__WHAT THE TASK REQUIRES__
Copy the data below exactly. Any pictures in it should be omitted.

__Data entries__
=== Section Start ===

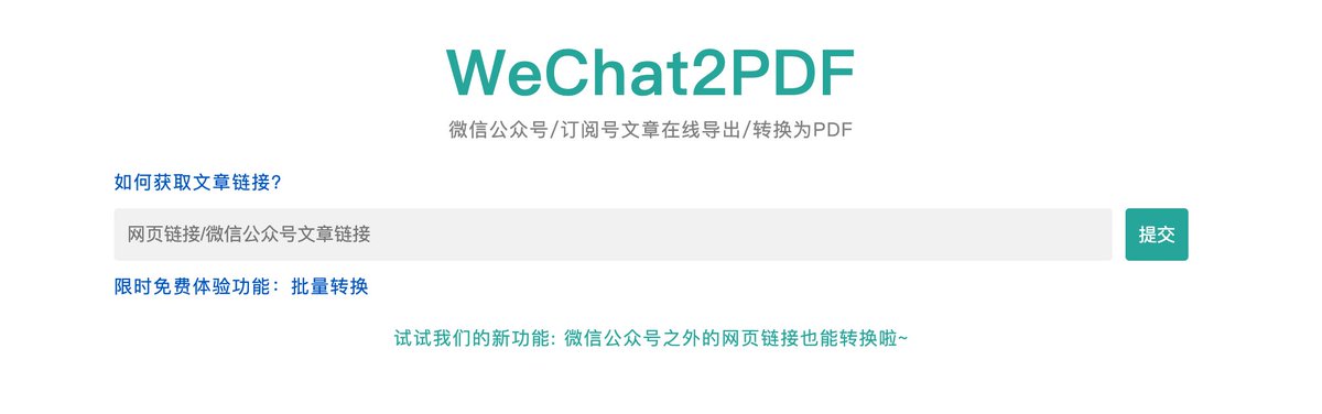 WeChat2PDF 是一个在线工具,用于将微信公众号(订阅号 / 服务号)文章导出并转换为 PDF,便于保存、打印或离线阅读。支持批量链接处理,保留原有排版与图文内容;普通网页链接也可转换为 PDF。 微信公众号(订阅号 / 服务号)文章导出并转换为 PDF https://wechat2pdf.com
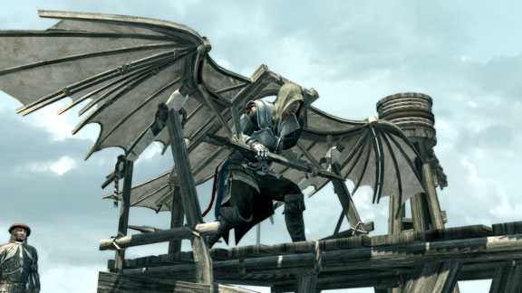 Gameplay has dramatically changed in AC2 since part 1. Now, there are over a hundred ways to go about your mission not only because, as was part 1, its a open world game, but also the myriad of weapons under you can wield against the bad guys. You now get a second hidden blade which you can taint with poison, a small pistol, smoke bombs, oh and you can even throw money to distract people. To get around the game, you still do the awesome free runs on rooftops and on the streets of Italy the same way you did back in AC1. The game also has special action sequences as well, from driving a carriage to flying Leonardo da Vinci’s ornithopter.
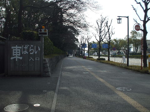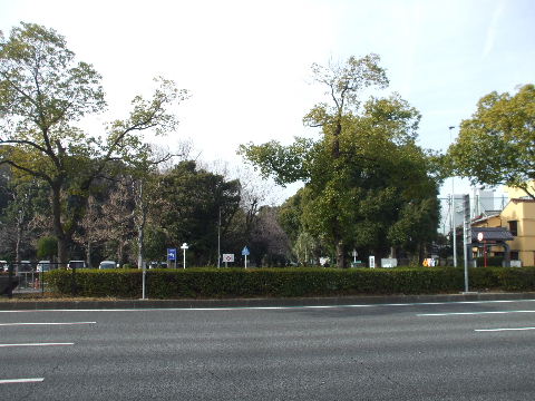 | 10:20少し進むと右に熱田神宮公園がある。入口左の森は断夫山 (だんぷさん)古墳で奥には熱田球場がある。 |
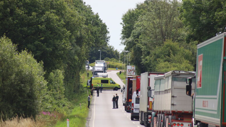 Motorvejsspor spærret: Svinetransport med 600 grise væltet
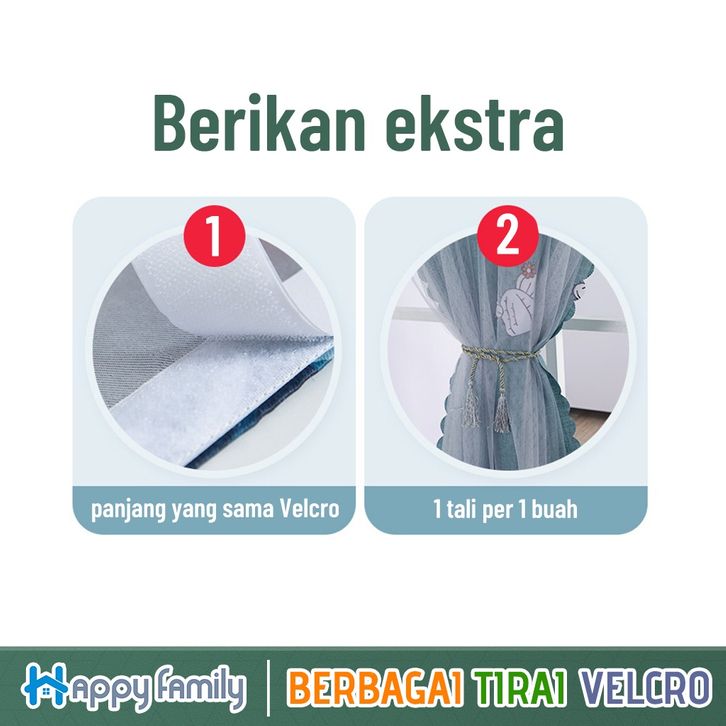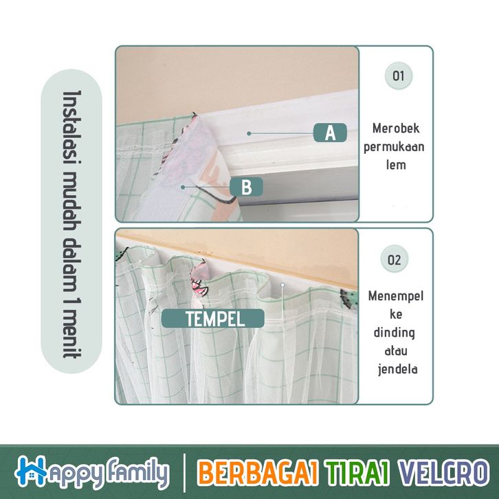 TIRAI HAPPYFAMILY TIRAI GORDEN JENDELA TEMPEL TANPA PAKU DAN BOR TIRAI MAGIC VELCRO TANPA PAKU 6 MOTIF TERBARU TERLARIS
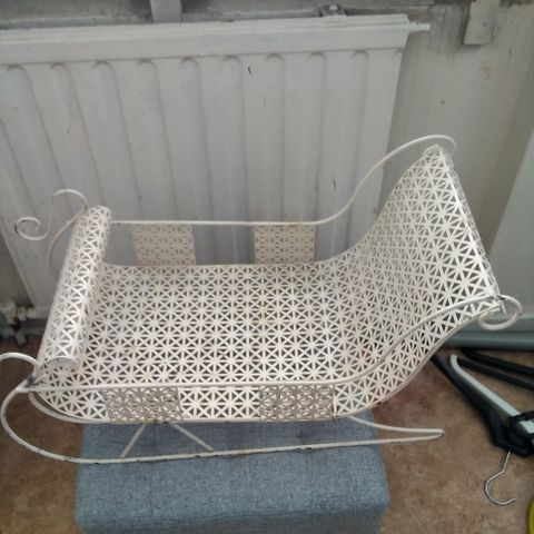 Koriste kelkka materiaali rautaa ja rottinkia,esim kukka-asetelmiin. Korkeus29 c, leveys 37c,korin syvyys n.10 c
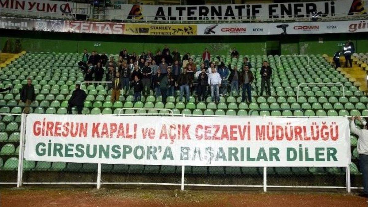 Giresun Kapalı ve Açık Cezaevinde hükümlü olarak bulunan mahkumlar Giresunspor ile Boluspor arasında oynanan TFF 1. Lig karşılaşmasını statta izledi.Cumhuriyet Başsavcısı Ozan Kaya’nın talimatı ile infaz koruma memurlarının nezaretinde Atatürk Stadyumu’nun dağ tarafı kale arkasındaki yerlerini alan mahkum taraftarlar, “Giresun Kapalı ve Açık Cezaevi Müdürlüğü Giresunspor’a başarılar diler” pankartı açtılar.Giresun Cumhuriyet Başsavcısı Ozan Kaya, “Daha önce görev yaptığım Çorum, Çankırı ve Sinop illerinde mahkumların iyileştirilmesi, sosyalleştirilmesi ve toplumla bütünleşmesini sağlamak amacıyla düzenlenen etkinlikler kapsamında böyle bir karar aldık” dedi.Giresunsporlu futbolcular da sahaya çıkarken mahkumların bulunduğu tribünü alkışladı.
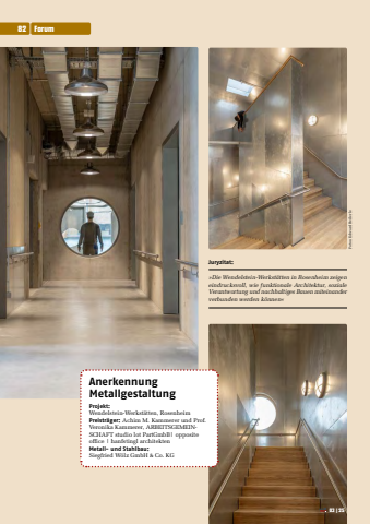 Fotos: Edward BeilerleAnerkennung MetallgestaltungProjekt: Wendelstein-Werkst%u00e4tten, Rosenheim Preistr%u00e4ger: Achim M. Kammerer und Prof. Veronika Kammerer, ARBEITSGEMEINSCHAFT studio lot PartGmbB| opposite office | hanfstingl architektenMetall- und Stahlbau:Siegfried W%u00f6lz GmbH & Co. KGJuryzitat:%u00bbDie Wendelstein-Werkst%u00e4tten in Rosenheim zeigen eindrucksvoll, wie funktionale Architektur, soziale Verantwortung und nachhaltiges Bauen miteinander verbunden werden k%u00f6nnen%u00ab82Forum03|25
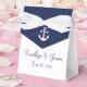 White and navy blue nautical wedding favour boxes (tent favour box with white ribbon) with anchor and customisable text - you can add bride's and groom's name and wedding date.
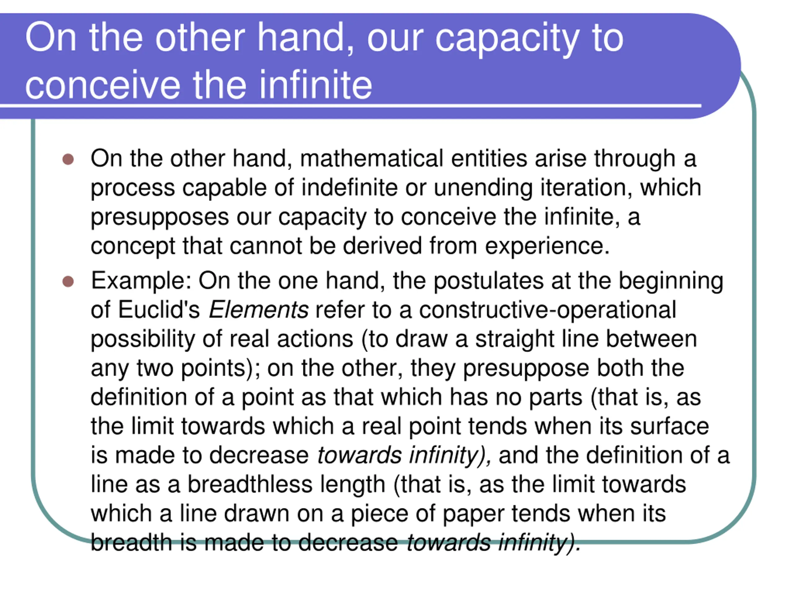 On the other hand, our capacity to conceive the infinite On the other hand, mathematical entities arise through a process capable of indefinite or unending iteration, which presupposes our capacity to conceive the infinite, a concept that cannot be derived from experience. Example: On the one hand, the postulates at the beginning of Euclid's Elements refer to a constructive-operational possibility of real actions (to draw a straight line between any two points); on the other, they presuppose both the definition of a point as that which has no parts (that is, as the limit towards which a real point tends when its surface is made to decrease towards infinity), and the definition of a line as a breadthless length (that is, as the limit towards which a line drawn on a piece of paper tends when its breadth is made to decrease towards infinity).
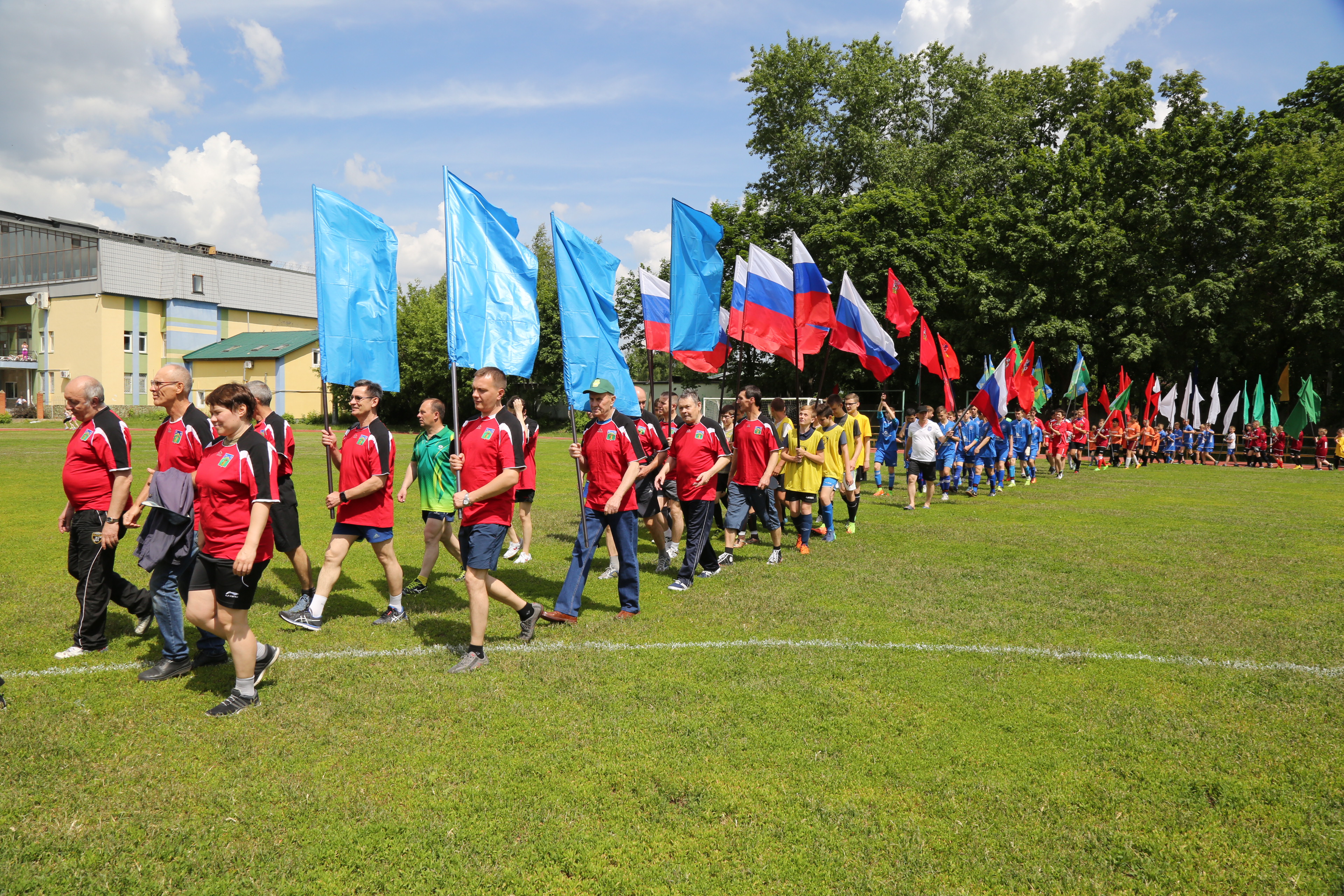 На стадионе «Урожай» в поселке Томилино городского округа Люберцы проходит большой спортивный праздник «Вперед, Россия!». Около трехсот участников вышли на торжественное построение, с которого началась череда праздничных спортивных состязаний. Традиционно это мини-футбол, настольный теннис, уличная гимнастика, тяжелая и легкая атлетики. Родители и дети, занявшие места на трибунах болельщиков, готовятся к семейным состязаниям «Веселые старты».
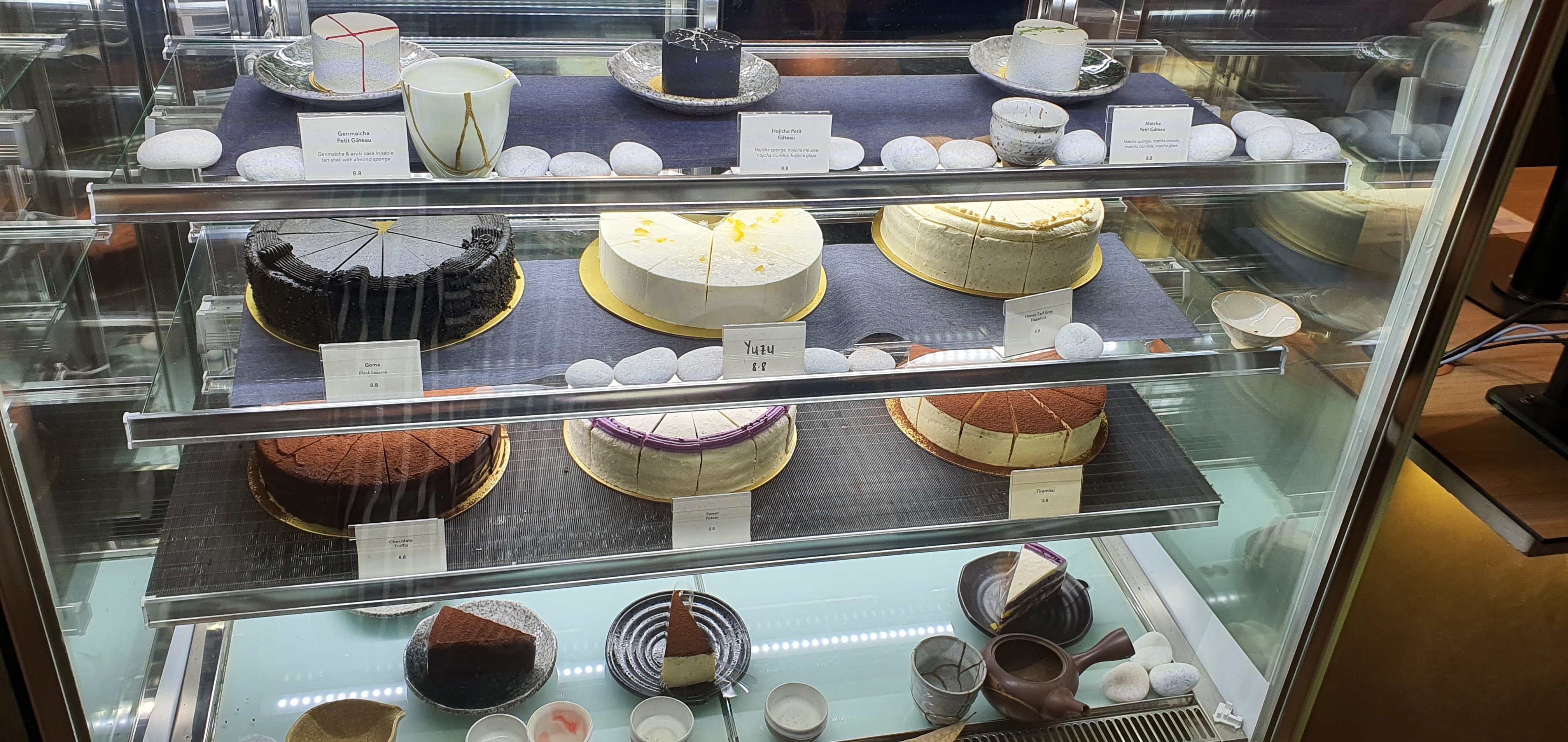The cake selection available here is mostly tea flavoured like the Hojicha Petit Gateau, Honey Earl Grey, Matcha Petit Gateau and more. Some of the non-tea flavoured ones but pretty interesting ones include the Goma ( black sesame) and sweet potato

=== Section End ===

__FINAL ANSWER__
 WeChat2PDF 是一个在线工具,用于将微信公众号(订阅号 / 服务号)文章导出并转换为 PDF,便于保存、打印或离线阅读。支持批量链接处理,保留原有排版与图文内容;普通网页链接也可转换为 PDF。 微信公众号(订阅号 / 服务号)文章导出并转换为 PDF https://wechat2pdf.com
 Gameplay has dramatically changed in AC2 since part 1. Now, there are over a hundred ways to go about your mission not only because, as was part 1, its a open world game, but also the myriad of weapons under you can wield against the bad guys. You now get a second hidden blade which you can taint with poison, a small pistol, smoke bombs, oh and you can even throw money to distract people. To get around the game, you still do the awesome free runs on rooftops and on the streets of Italy the same way you did back in AC1. The game also has special action sequences as well, from driving a carriage to flying Leonardo da Vinci’s ornithopter.
 | 10:20少し進むと右に熱田神宮公園がある。入口左の森は断夫山 (だんぷさん)古墳で奥には熱田球場がある。 |
 Motorvejsspor spærret: Svinetransport med 600 grise væltet
 TIRAI HAPPYFAMILY TIRAI GORDEN JENDELA TEMPEL TANPA PAKU DAN BOR TIRAI MAGIC VELCRO TANPA PAKU 6 MOTIF TERBARU TERLARIS
 Koriste kelkka materiaali rautaa ja rottinkia,esim kukka-asetelmiin. Korkeus29 c, leveys 37c,korin syvyys n.10 c
 Giresun Kapalı ve Açık Cezaevinde hükümlü olarak bulunan mahkumlar Giresunspor ile Boluspor arasında oynanan TFF 1. Lig karşılaşmasını statta izledi.Cumhuriyet Başsavcısı Ozan Kaya’nın talimatı ile infaz koruma memurlarının nezaretinde Atatürk Stadyumu’nun dağ tarafı kale arkasındaki yerlerini alan mahkum taraftarlar, “Giresun Kapalı ve Açık Cezaevi Müdürlüğü Giresunspor’a başarılar diler” pankartı açtılar.Giresun Cumhuriyet Başsavcısı Ozan Kaya, “Daha önce görev yaptığım Çorum, Çankırı ve Sinop illerinde mahkumların iyileştirilmesi, sosyalleştirilmesi ve toplumla bütünleşmesini sağlamak amacıyla düzenlenen etkinlikler kapsamında böyle bir karar aldık” dedi.Giresunsporlu futbolcular da sahaya çıkarken mahkumların bulunduğu tribünü alkışladı.
 Fotos: Edward BeilerleAnerkennung MetallgestaltungProjekt: Wendelstein-Werkst%u00e4tten, Rosenheim Preistr%u00e4ger: Achim M. Kammerer und Prof. Veronika Kammerer, ARBEITSGEMEINSCHAFT studio lot PartGmbB| opposite office | hanfstingl architektenMetall- und Stahlbau:Siegfried W%u00f6lz GmbH & Co. KGJuryzitat:%u00bbDie Wendelstein-Werkst%u00e4tten in Rosenheim zeigen eindrucksvoll, wie funktionale Architektur, soziale Verantwortung und nachhaltiges Bauen miteinander verbunden werden k%u00f6nnen%u00ab82Forum03|25
 White and navy blue nautical wedding favour boxes (tent favour box with white ribbon) with anchor and customisable text - you can add bride's and groom's name and wedding date.
 On the other hand, our capacity to conceive the infinite On the other hand, mathematical entities arise through a process capable of indefinite or unending iteration, which presupposes our capacity to conceive the infinite, a concept that cannot be derived from experience. Example: On the one hand, the postulates at the beginning of Euclid's Elements refer to a constructive-operational possibility of real actions (to draw a straight line between any two points); on the other, they presuppose both the definition of a point as that which has no parts (that is, as the limit towards which a real point tends when its surface is made to decrease towards infinity), and the definition of a line as a breadthless length (that is, as the limit towards which a line drawn on a piece of paper tends when its breadth is made to decrease towards infinity).
 На стадионе «Урожай» в поселке Томилино городского округа Люберцы проходит большой спортивный праздник «Вперед, Россия!». Около трехсот участников вышли на торжественное построение, с которого началась череда праздничных спортивных состязаний. Традиционно это мини-футбол, настольный теннис, уличная гимнастика, тяжелая и легкая атлетики. Родители и дети, занявшие места на трибунах болельщиков, готовятся к семейным состязаниям «Веселые старты».
The cake selection available here is mostly tea flavoured like the Hojicha Petit Gateau, Honey Earl Grey, Matcha Petit Gateau and more. Some of the non-tea flavoured ones but pretty interesting ones include the Goma ( black sesame) and sweet potato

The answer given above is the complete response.